The Bronze Age is well represented around the parish with several sites of finds and a possible small settlement just to the south of the village of Bishop Norton, with further cropmarks of the same age a little further south alongside the Glentham Road. There appears to be less recorded from the Iron Age, however, since it is difficult to discern a clear cut-off point in the habits and culture of British people between the Iron Age and the Roman period, that is not too surprising.
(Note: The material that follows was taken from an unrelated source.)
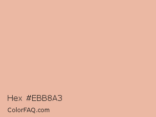 Hex #ebb8a3 Color is a light orange color and the nearest color is Cashmere #e6bea5. Hex code #ebb8a3 and RGB value is rgb(235,184,163). In RGB color space, this color is composed of 92% red, 72% green, 64% blue, In CMYK color space, this color is composed of 0% cyan, 22% magenta, 31% yellow , 8% black , In HSL color space, this color has a hue angle of 18° , 64% saturation and 78% lightness.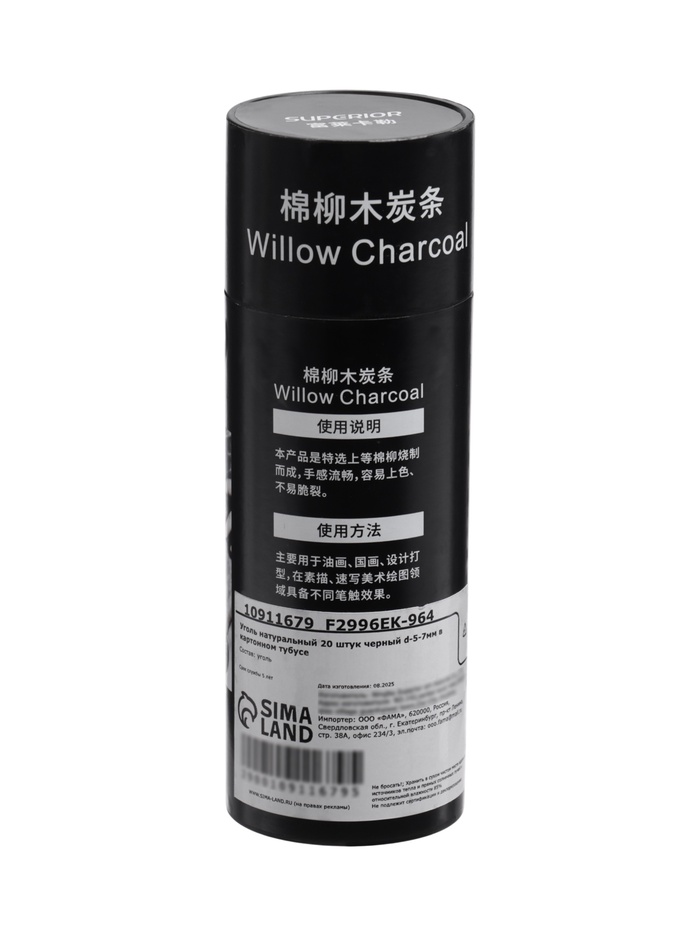 Уголь натуральный 20 штук, d=5-7 мм, в картонном тубусе, черный — Характеристики

The Roman period is well represented in the record. At Low Place on Cross Lane there is evidence of a Romano-British settlement or large farmstead; given the high number of Neolithic finds locally, there is, perhaps, reason to suppose that there may have been continuity of settlement here at that time for a thousand years or more. At the western end of the parish between the modern village and Atterby mill there is evidence of both a villa and a possible Roman settlement. between that site (on record 50547) and of a branch of the Ermine Street running towards it on record 50574. Given that Lincoln was a colonia, is it possible that this was a settlement of one or more former legionaries?

There is evidence of other settlements from the medieval period, including Crossholme and at Atterby. Besides these, there is evidence of a medieval mill dam on the Atterby Beck close to Atterby Mill, suggesting that this site had been home to a water mill for a long period before 1802. The entry for Bishop Norton in Domesday shows that the Bishop owned a mill as part of his manor here.

Later material in the HER includes post-medieval structures and finds, including evidence of a windmill on Atterby Lane not far from the old water mill. The only human remains were a couple of bone fragments in a pit alongside Main Street.

What is clear in these records is the sheer scale and spread of the finds making the probability of archaeology throughout the parish rank highly. The fact that there has been so many identified sites and finds despite a lack of organised archaeological excavation or other investigations, suggests that the number of recorded sites would almost certainly grow significantly if they were to occur.